▶ **About this task**:
Write out, please, each line from the one containing "Here’s The Top" to the final line of the data, both included, exactly and without pictures.

▶ **Collected material**:
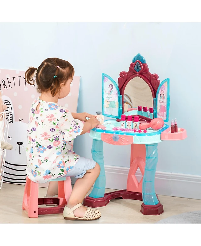 Qaba Kids Vanity Makeup Table Set with Chair and 31-Piece Collection, Mirror Princess Vanity Table with Self-Opening Magic Mirror, Music, Light, Imagi
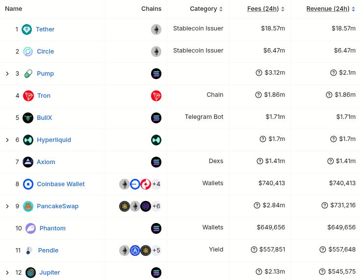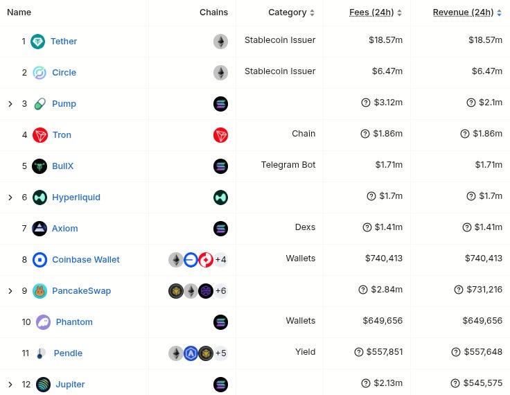Here’s The Top Entities By 24 Hour Revenue Generation (from @DefiLlama):
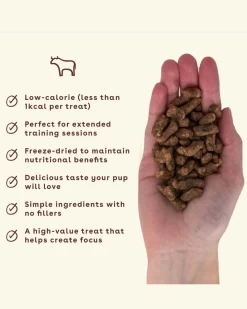 These high-value beef liver treats capture attention, and keep it. Once you’ve got their attention with these treats, you’ll be one step closer to training a perfect pup.

▶ **The completed task**:
Here’s The Top Entities By 24 Hour Revenue Generation (from @DefiLlama):
 These high-value beef liver treats capture attention, and keep it. Once you’ve got their attention with these treats, you’ll be one step closer to training a perfect pup.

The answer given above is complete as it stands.